All I have to do is define a Queue (which will contain the given array) and a Stack.
Next, I just have to Push the Dequeued index to the stack and Enqueue the Popped index in the Queue and finally return the Queue.
Sounds confusing? Check the code below:
static int[] rotLeft(int[] a, int d) {
Queue<int> queue = new Queue<int>(a);
Stack<int> stack = new Stack<int>();
while(d > 0)
{
stack.Push(queue.Dequeue());
queue.Enqueue(stack.Pop());
d--;
}
return queue.ToArray();
}
Do you really need to physically move anything?

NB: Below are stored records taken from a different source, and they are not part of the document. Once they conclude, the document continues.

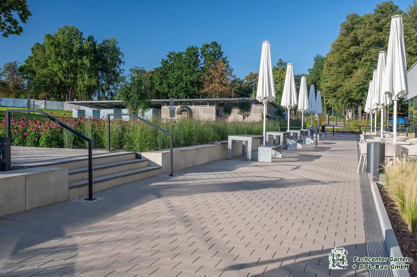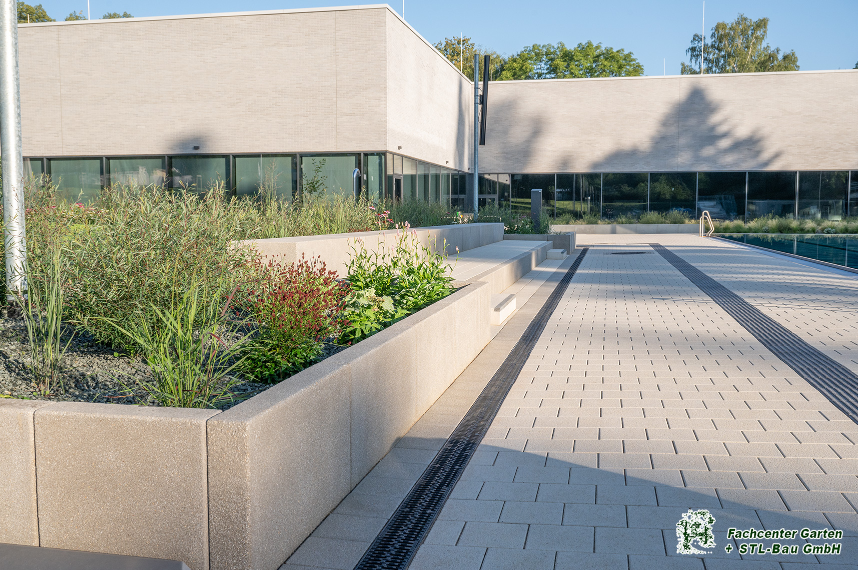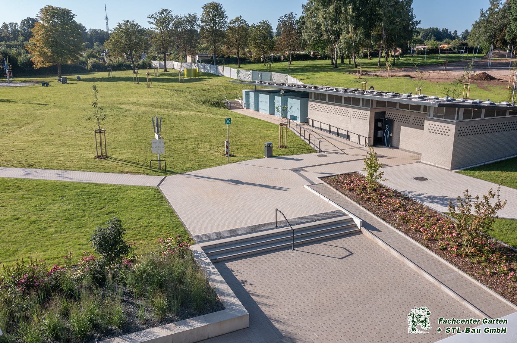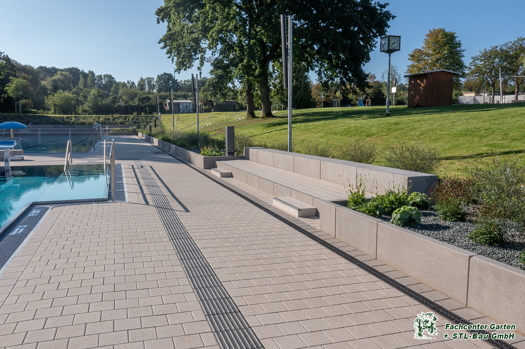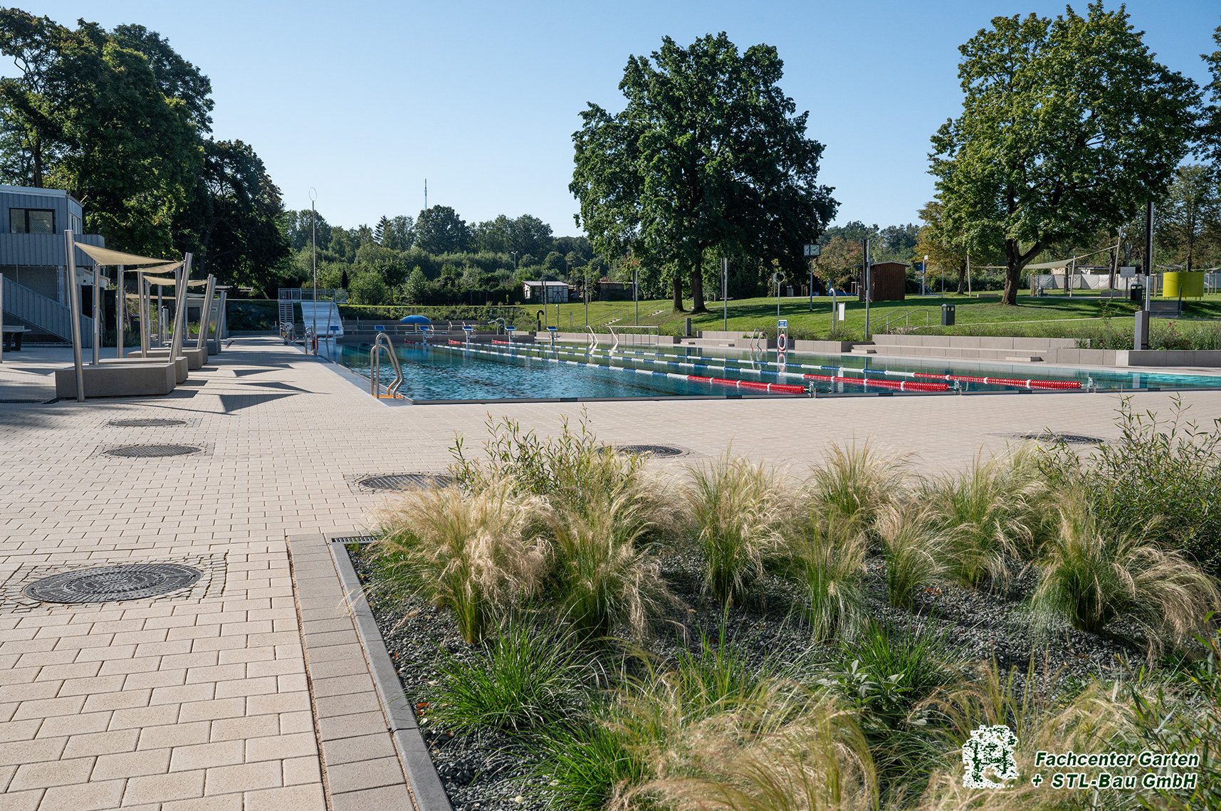 2025 Gestaltung der Außenanlage des Freibades Bernsdorf in Chemnitz. Baubeginn war von Augsut 2023 bis Mai 2025. Die Bauleistungen umfassten Kanalarbeiten, Entwässerungsarbeiten, Leitungsverlegung, Treppen- und Rampenanlagen, Pflasterarbeiten und Plattenverlegung, Sitzelemente, Stützmauern, Spielplatzfläche mit Spielgeräten, Beachvolleyballanlagen, Bepflanzung und Begrünung und der Neubau des Parkplatzes.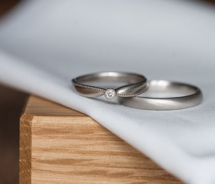 ※フルエタニティリング、デザインがリング一周に施されたリング、ピンクゴールド、±2 号以上のお直し、レーザー刻印が打刻されたリング等は不可、または、有料の場合がございます。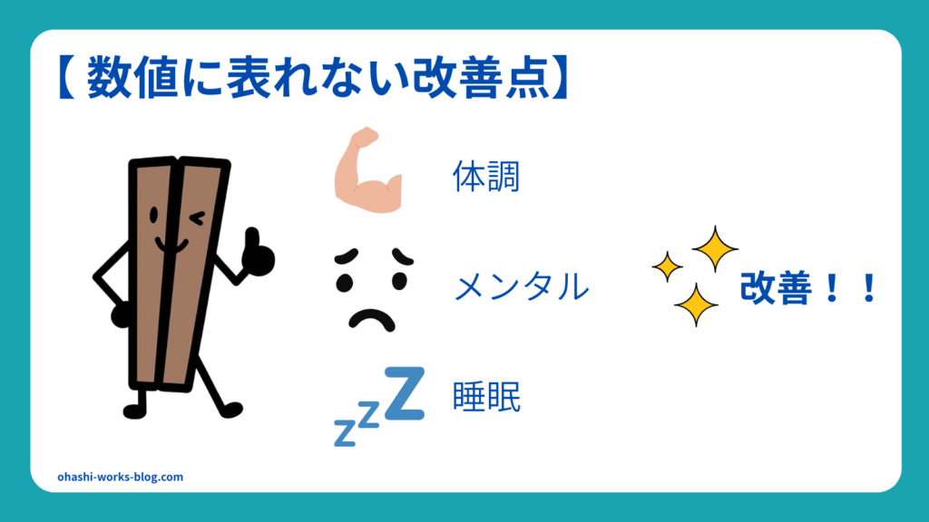 体重という「わかりやすい結果」は出ませんでしたが、毎日継続したことで、数値には現れない重要な変化をいくつか実感しました!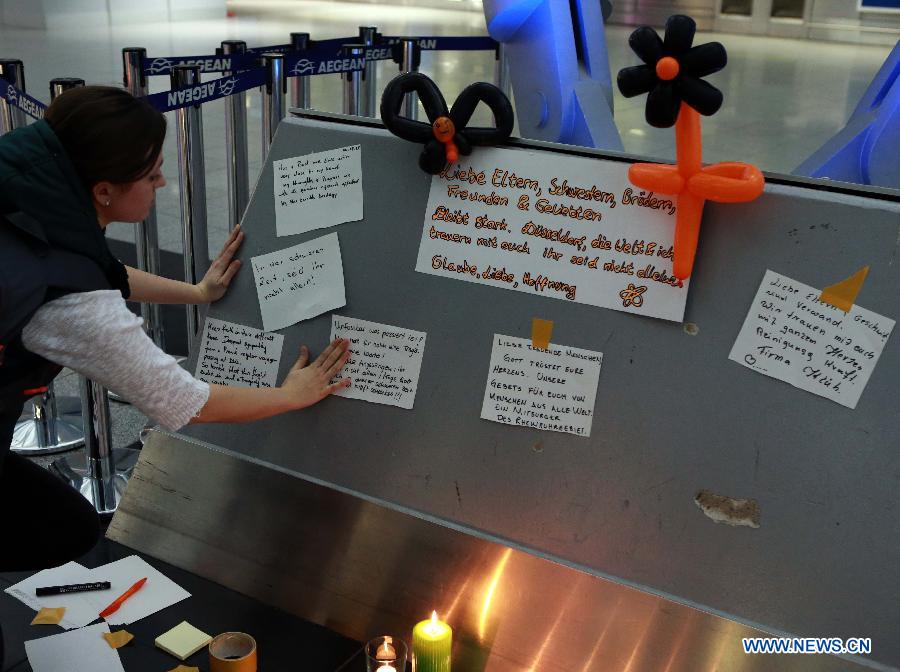 A passenger leaves messages to mourn victims of the crashed plane of Germanwings at the airport in Duesseldorf, Germany, on March 24, 2015. An Airbus A320 of the German low-cost airline Germanwings with 150 people on board crashed on Tuesday in southern France, French authorities confirmed.(Xinhua/Luo Huanhuan)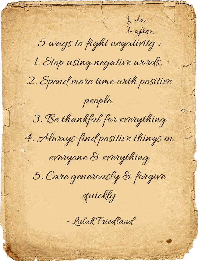 "5 ways to fight negativity : 1. Stop using negative words. 2. Spend more time with positive people. 3. Be thankful for everything 4. Always find positive things in everyone & everything 5. Care generously & forgive quickly "

If not, you could just shift the index instead.
Actually you asked 2 questions:
How to efficiently rotate an array?
and
How to use less memory to solve this problem?
Usually efficiency and low memory usage are mutually exclusive. So I'm going to answer your second question, still providing the most efficient implementation under that memory constraint.
The following method can be used for both left (passing negative count) or right (passing positive count) rotation. It uses O(1) space (single element) and O(n * min(d, n - d)) array element copy operations (O(min(d, n - d)) array block copy operations). In the worst case scenario it performs O(n / 2) block copy operations.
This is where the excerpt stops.